- EXERCISE DESCRIPTION -
Where the entries below show "I absolutely love", begin there and print that line and all following lines exactly, through the last, omitting pictures.

- ENTRIES SUPPLIED -
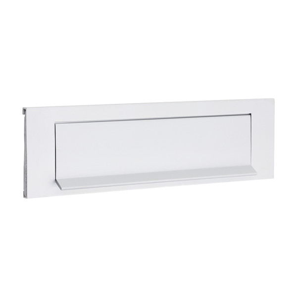 Letter plate with gravity flap which can be opened by lifting upwards. The gravity flap automatically closes once the flap is released. Bolt through fixing for a secure fitting.
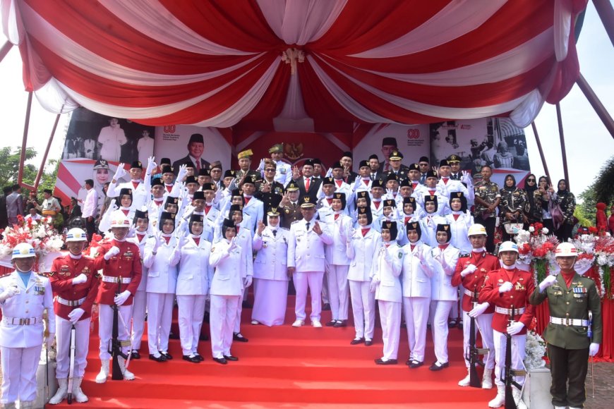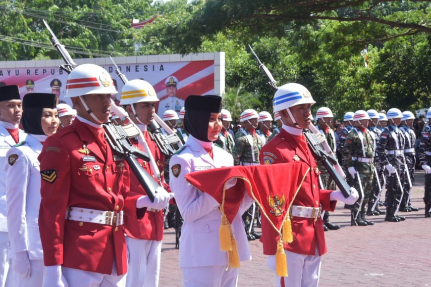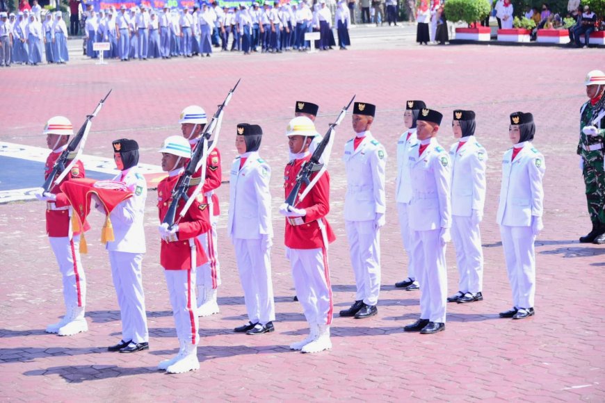 Pengibaran Bendera Merah Putih oleh Paskibra pada Upacara HUT RI Di Bengkalis
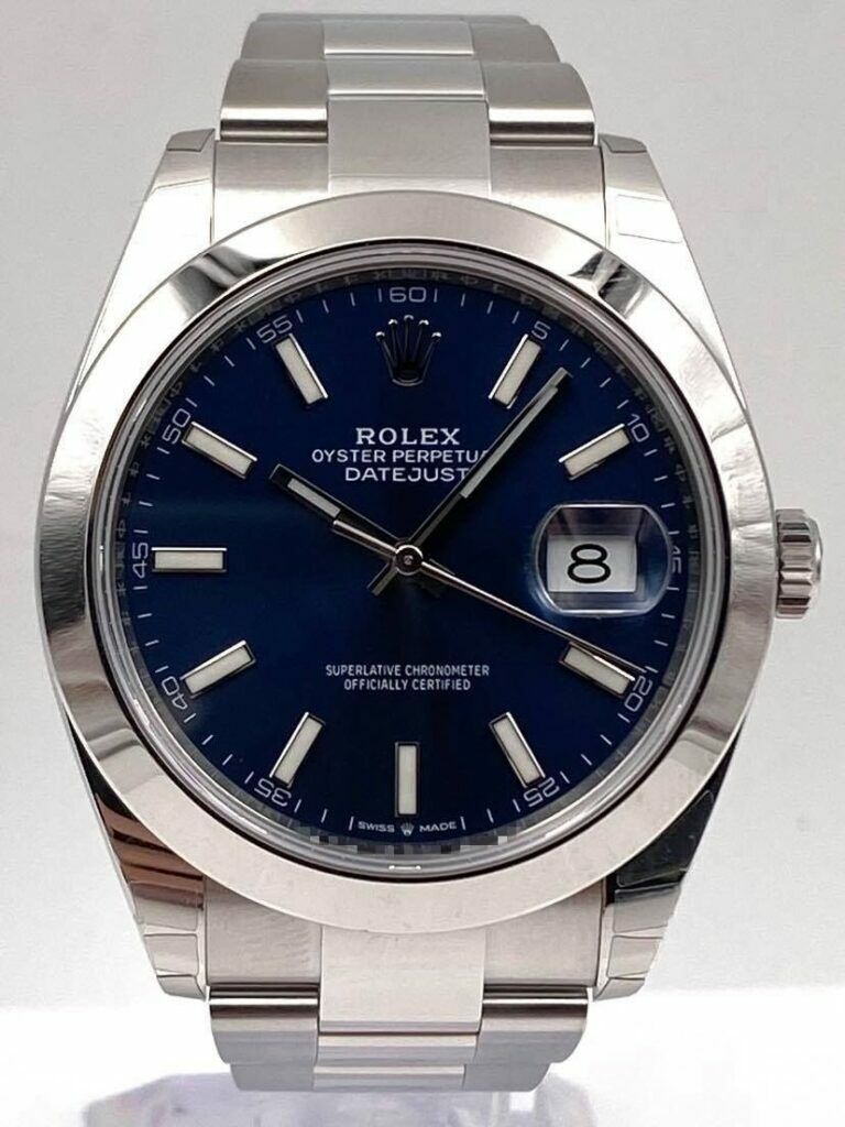 Introducing the Rolex Datejust 41 126300 (Year: 2024) – a testament to timeless design and precision. This piece features a blue dial, steel bracelet, and 41 mm steel case, making it a statement piece that effortlessly captures attention.
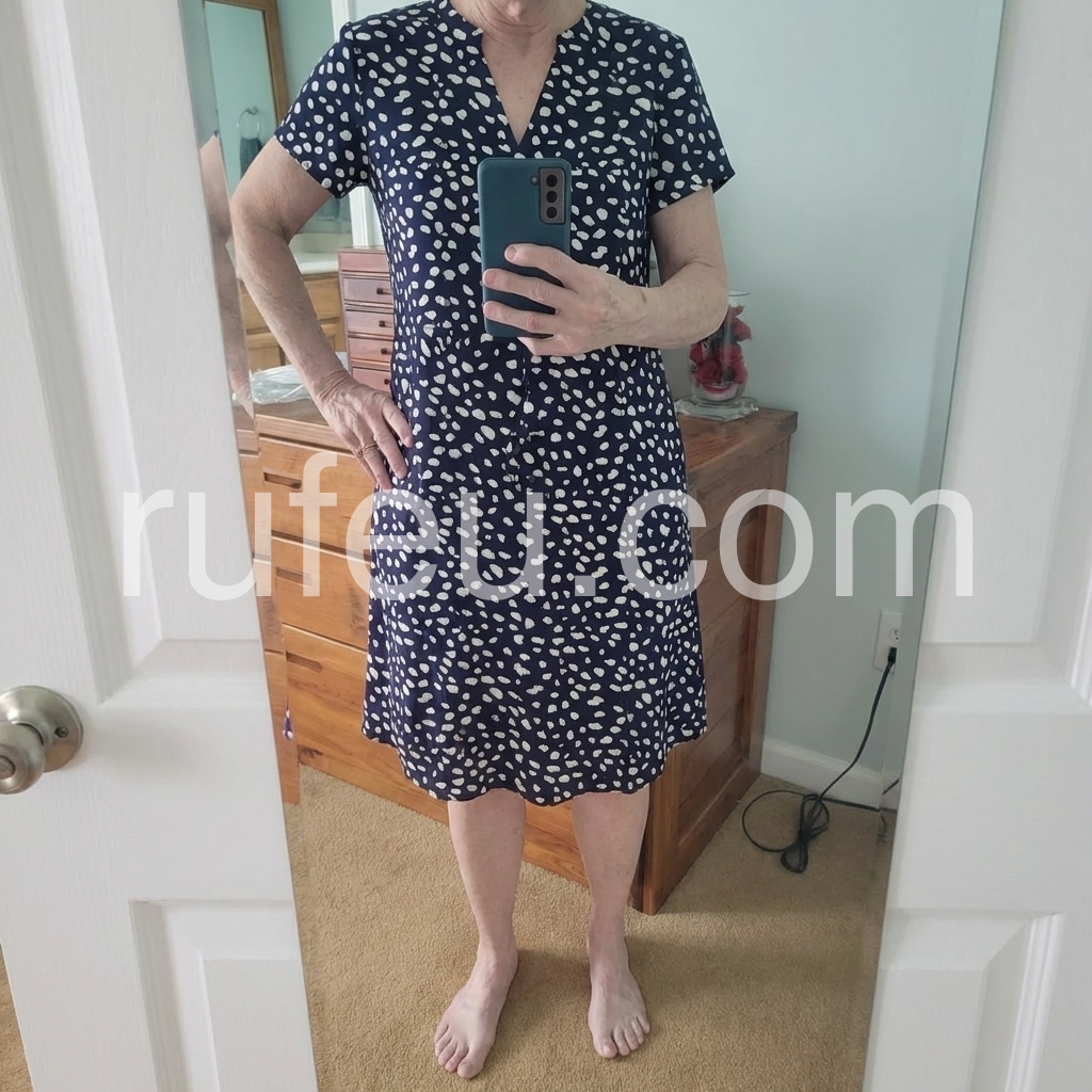 I absolutely love this dress! The fit is incredibly flattering and forgiving, especially around the midsection. The material is lightweight and perfect for summer weather. I wore it to a lovely outdoor brunch and received so many compliments on the fun spotty print. It hits right at the knee for me, which is exactly what I wanted.
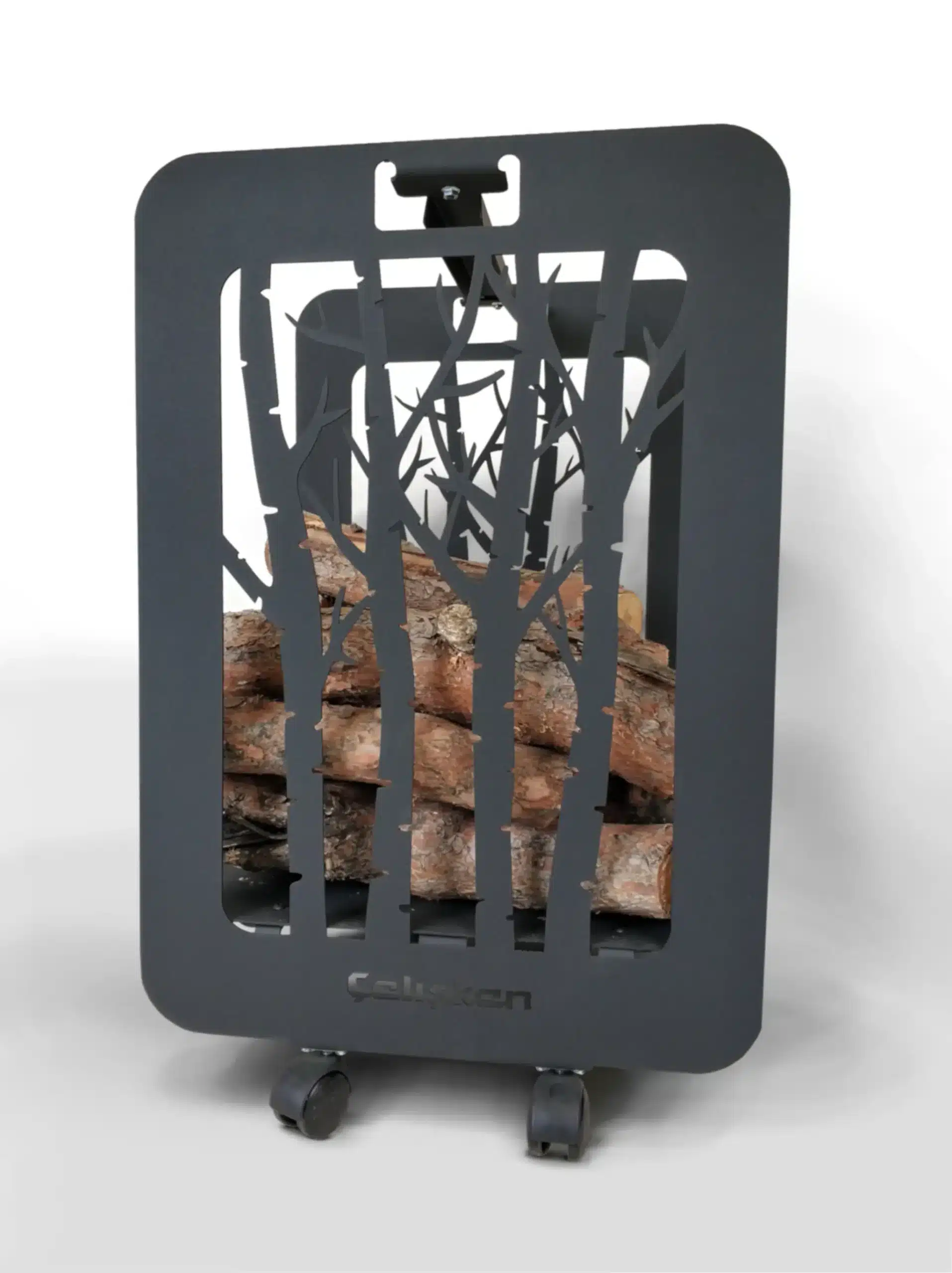 Çalışkan 602 polttopuukori pyörillä. Tyylikäs ja kestävä 80 litran polttopuukori. Sopii takan, kamiinan tai saunan viereen.
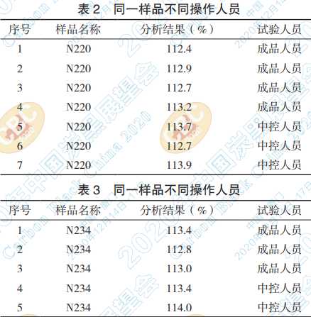 可安排不同的操作人員在同一臺儀器設備上 對同一個樣做對比實驗,舉N220和N234進行對比 實驗的例子如下表(表 2、表 3):
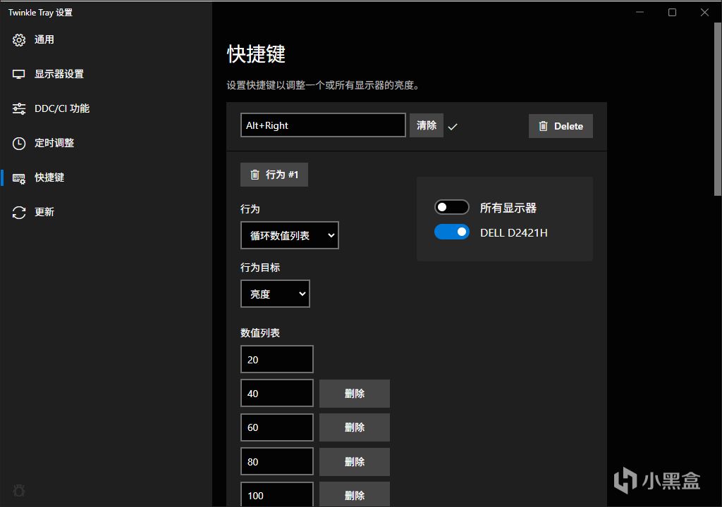 一種比較老的顯示器,不支持亮度快捷鍵增加減少,但是可以設置爲數值循環,從20到100,一個快捷鍵循環調節也夠用了。
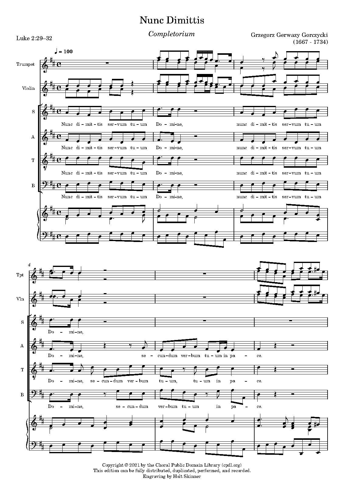| Instrumentation | soprano, alto, tenor, bass, mixed chorus (SATB), 2 trumpets, 2 violins |
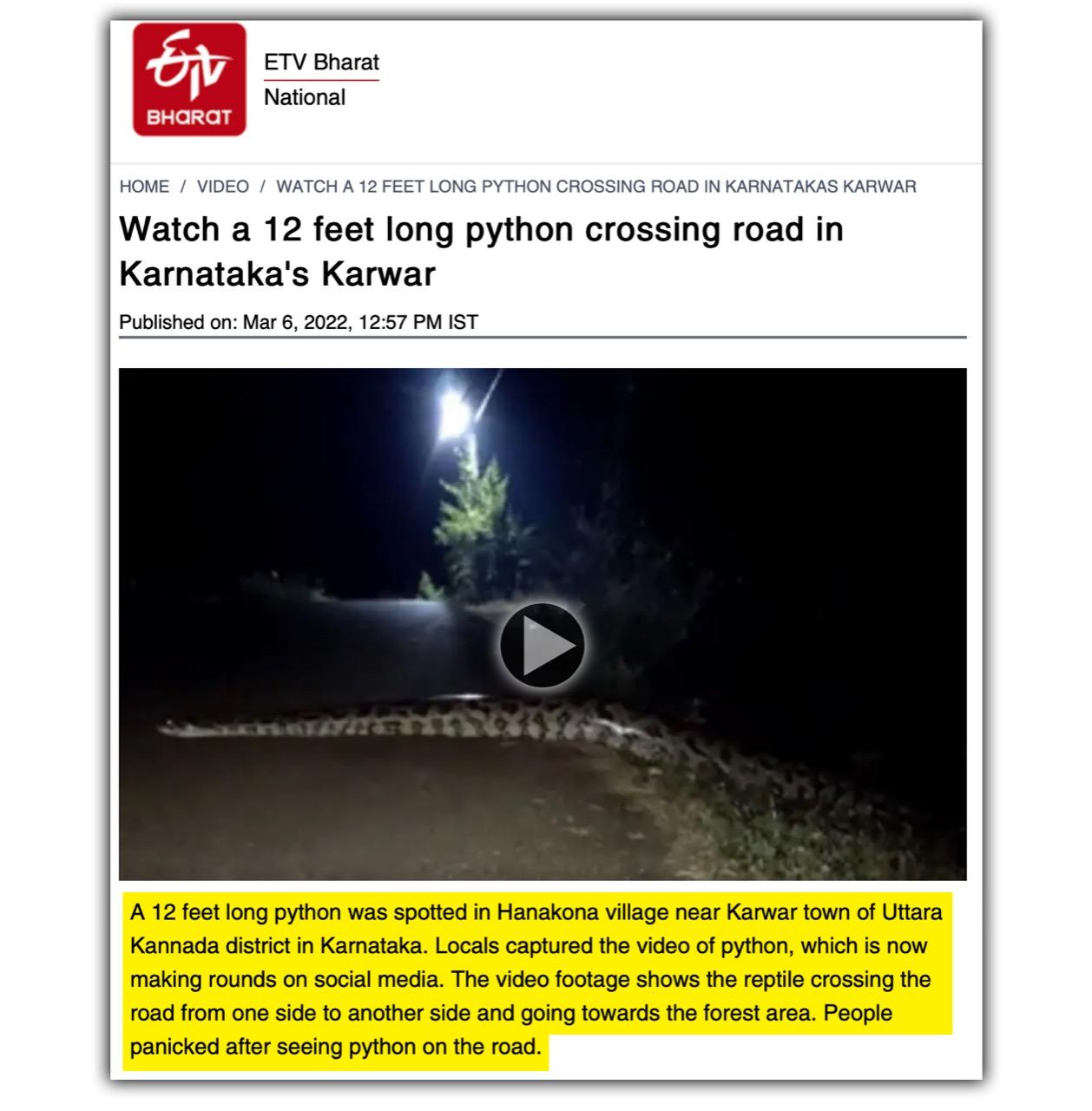 প্রতিবেদনে লেখা হয়, এটি আসলে একটি ১২ ফুট লম্বা পাইথন। সাপটিকে কর্নাটকের উত্তর কানাড়া জেলার হানাকোনা গ্রামের কাছে দেখতে পাওয়া গিয়েছিল। সেখানকার স্থানীয়রাই ভিডিওটি তুলে সোশ্যাল মিডিয়ায় দেন যা পরে ভাইরাল হয়ে যায়। সেখানে আরও লেখা হয় যে পাইথনটিকে একটি ফরেস্ট এরিয়াতে দেখা গিয়েছিল।

- REPLY -
 I absolutely love this dress! The fit is incredibly flattering and forgiving, especially around the midsection. The material is lightweight and perfect for summer weather. I wore it to a lovely outdoor brunch and received so many compliments on the fun spotty print. It hits right at the knee for me, which is exactly what I wanted.
 Çalışkan 602 polttopuukori pyörillä. Tyylikäs ja kestävä 80 litran polttopuukori. Sopii takan, kamiinan tai saunan viereen.
 可安排不同的操作人員在同一臺儀器設備上 對同一個樣做對比實驗,舉N220和N234進行對比 實驗的例子如下表(表 2、表 3):
 一種比較老的顯示器,不支持亮度快捷鍵增加減少,但是可以設置爲數值循環,從20到100,一個快捷鍵循環調節也夠用了。
| Instrumentation | soprano, alto, tenor, bass, mixed chorus (SATB), 2 trumpets, 2 violins |
 প্রতিবেদনে লেখা হয়, এটি আসলে একটি ১২ ফুট লম্বা পাইথন। সাপটিকে কর্নাটকের উত্তর কানাড়া জেলার হানাকোনা গ্রামের কাছে দেখতে পাওয়া গিয়েছিল। সেখানকার স্থানীয়রাই ভিডিওটি তুলে সোশ্যাল মিডিয়ায় দেন যা পরে ভাইরাল হয়ে যায়। সেখানে আরও লেখা হয় যে পাইথনটিকে একটি ফরেস্ট এরিয়াতে দেখা গিয়েছিল।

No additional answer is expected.